Two Arts and Letters Faculty Win Christianity Today Book Awards

Author: Chris Milazzo

Two professors in the University of Notre Dame’s College of Arts and Letters were awarded 2013 book awards by Christianity Today. The magazine reviewed more than 450 entries to determine the best new book in each of 10 categories.

ust and Unjust Peace: An Ethic of Political Reconciliation

Daniel Philpott, associate professor of political science and peace studies at Notre Dame and a faculty member in the University’s Kroc Institute for International Peace Studies, won in the Missions/Global Affairs category for Just and Unjust Peace: An Ethic of Political Reconciliation (Oxford University Press).

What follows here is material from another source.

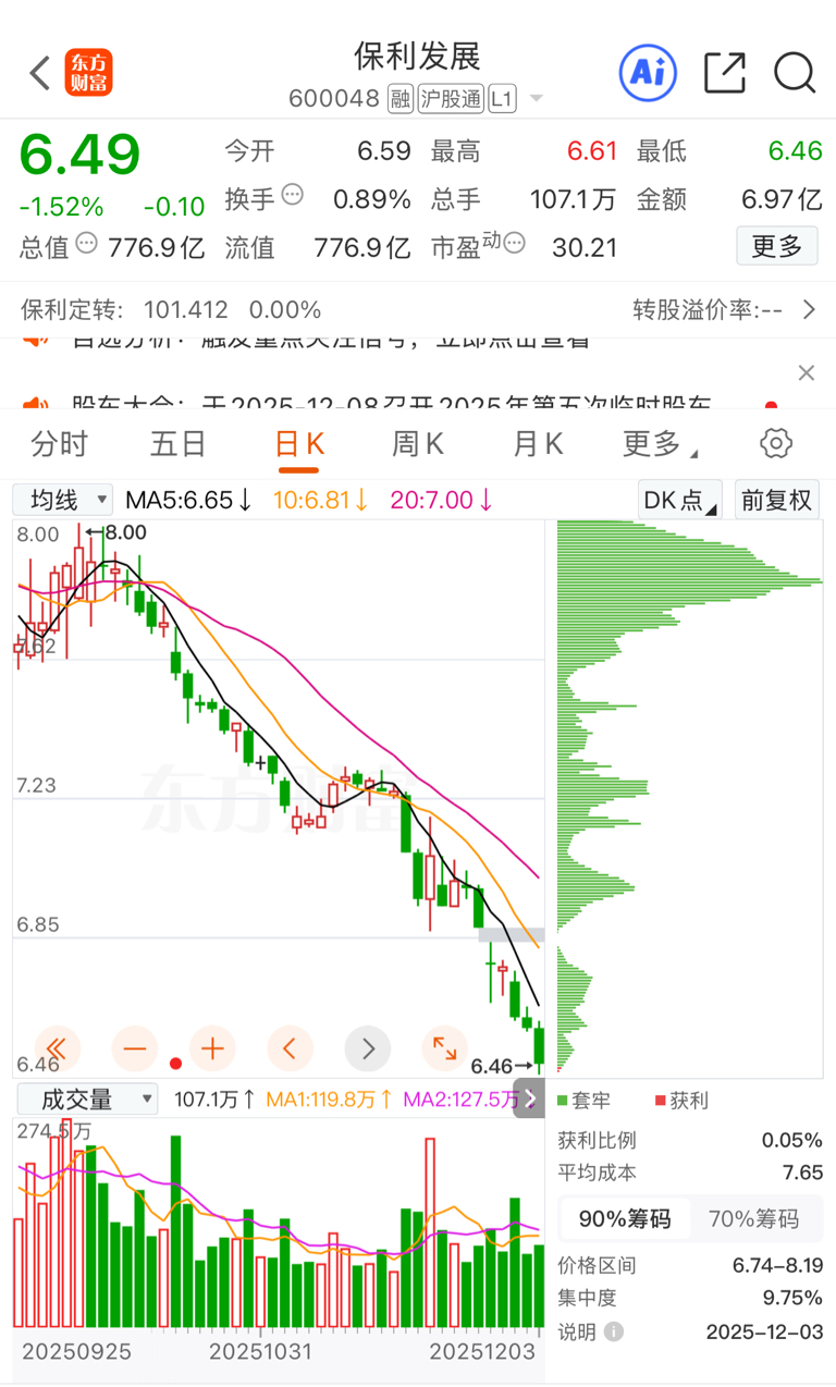 $保利发展(SH600048)$ 保绿发展筹码分布,壮观

Philpott specializes in international relations and political theory, as well as religion and global politics. He drew upon two decades of activist work in central Africa and Kashmir to write the book, which makes the case for reconciliation as a route to justice and lasting peace after violent conflict. One of the most dramatic and interesting practices of reconciliation, he argues, is forgiveness.

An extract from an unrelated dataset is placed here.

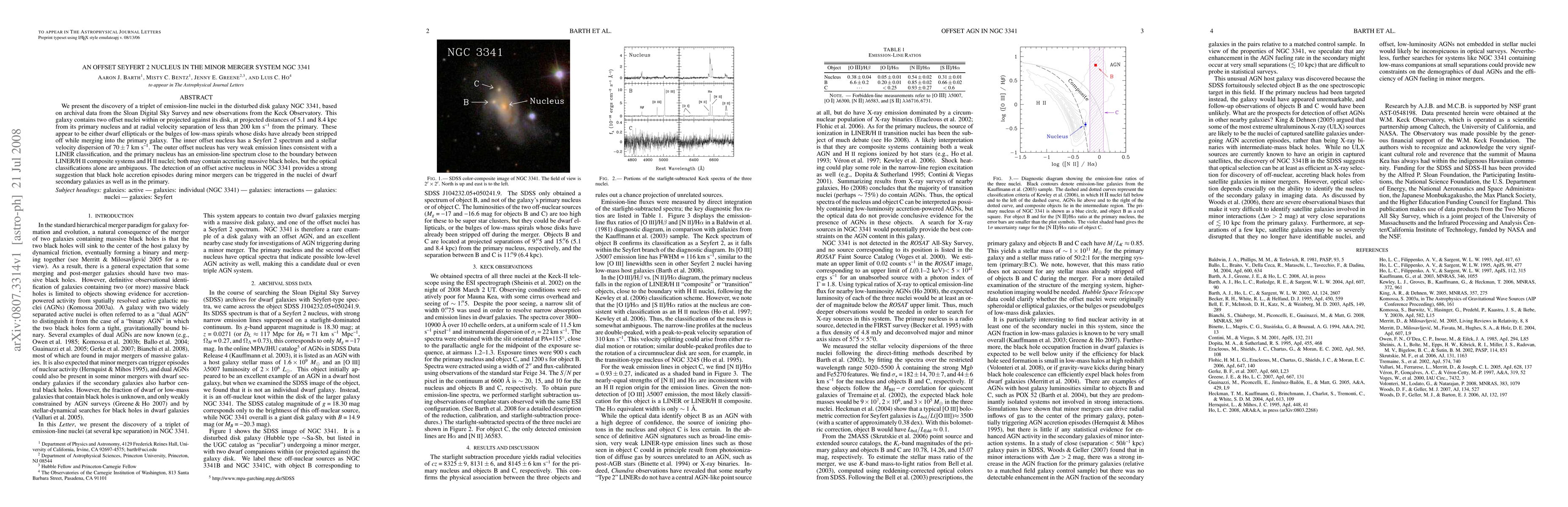 We present the discovery of a triplet of emission-line nuclei in the disturbed disk galaxy NGC 3341, based on archival data from the Sloan Digital Sky Survey and new observations from the Keck Observatory. This galaxy contains two offset nuclei within or projected against its disk, at projected distances of 5.1 and 8.4 kpc from its primary nucleus and at radial velocity separation of less than 200 km/s from the primary. These appear to be either dwarf ellipticals or the bulges of low-mass spirals whose disks have already been stripped off while merging into the primary galaxy. The inner offset nucleus has a Seyfert 2 spectrum and a stellar velocity dispersion of 70+/-7 km/s. The outer offset nucleus has very weak emission lines consistent with a LINER classification, and the primary nucleus has an emission-line spectrum close to the boundary between LINER/HII composite systems and HII nuclei; both may contain accreting massive black holes, but the optical classifications alone are ambiguous. The detection of an offset active nucleus in NGC 3341 provides a strong suggestion that black hole accretion episodes during minor mergers can be triggered in the nuclei of dwarf secondary galaxies as well as in the primary.

Just and Unjust Peace offers “new hope for solving one of humanity’s most intractable problems,” the magazine says.

“I am humbled by this award as well as grateful,” Philpott says, “because it gives visibility to the message that I want to convey through the book: the possibility of reconciliation following some of the darkest imaginable injustices. I’m honored to be recognized by Christianity Today in particular, since the Christian sources of reconciliation are an essential dimension of the book.”

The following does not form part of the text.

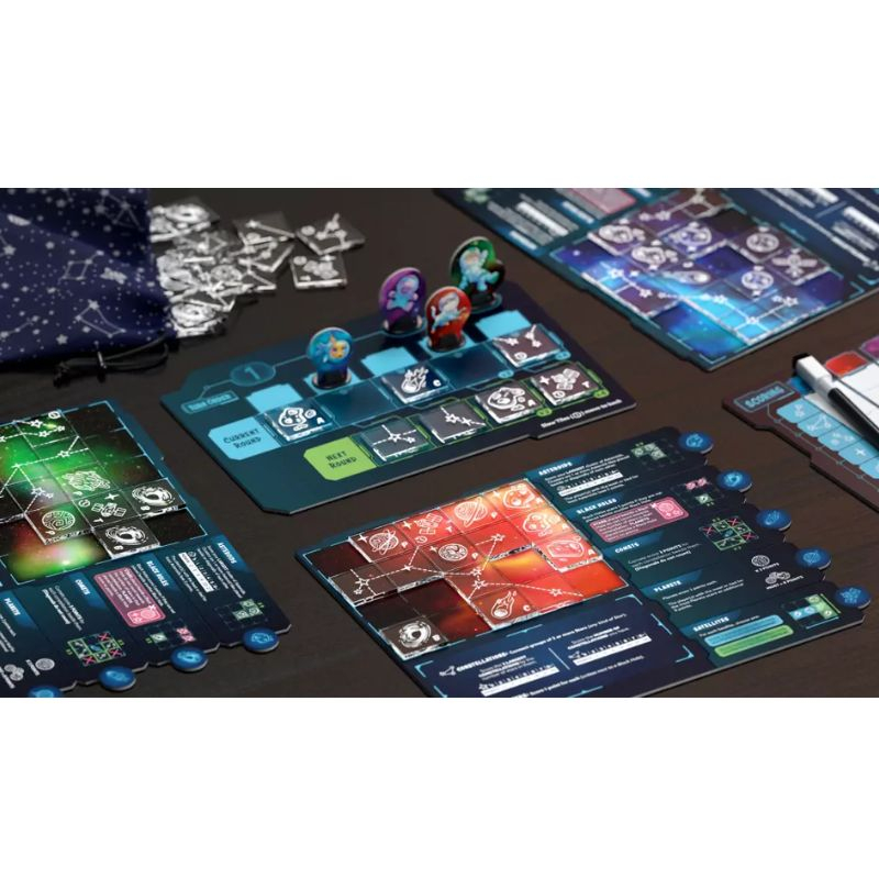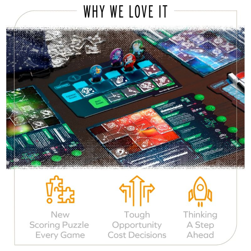 Pe parcursul jocului, vei conecta constelații, vei construi centuri de asteroizi, vei aduna comete și vei studia planetele cu ajutorul sateliților, fiecare element având propriul mod de punctare. Cu 10 condiții de scor ce pot fi combinate în 32 de moduri diferite, fiecare partidă de joc este provocatoare. Ordinea variabilă a turelor, determinată de plăcuța pe care o tragi, adaugă un plus de strategie, iar aplicația opțională pentru punctaj calculează scorul printr-o simplă scanare a tablei.

Where the Conflict Really Lies: Science, Religion, and Naturalism

In the Apologetics/Evangelism category, renowned Notre Dame philosopher Alvin Plantinga won for his book Where the Conflict Really Lies: Science, Religion, and Naturalism (Oxford University Press).

Plantinga, John A. O’Brien Professor emeritus in the Department of Philosophy, says he was delighted to learn that the magazine had selected his latest work as one of the best books of the year. “Their endorsement is certainly significant,” he says.

Where the Conflict Really Lies explores the compatibility of science and religion, arguing that the supposed conflict between the two fields of study is superficial. Instead, science and religion offer two different forms of discourse that attempt to speak to the same “truth.”

“This book offers top-notch scholarship to pit against the very best arguments of contemporary atheism, as well as to clarify what truly is at stake in the battles orthodoxy faces in science, biblical studies, philosophy, and more,” Christianity Today says.

“A tour de force by one of our era’s great philosophers.”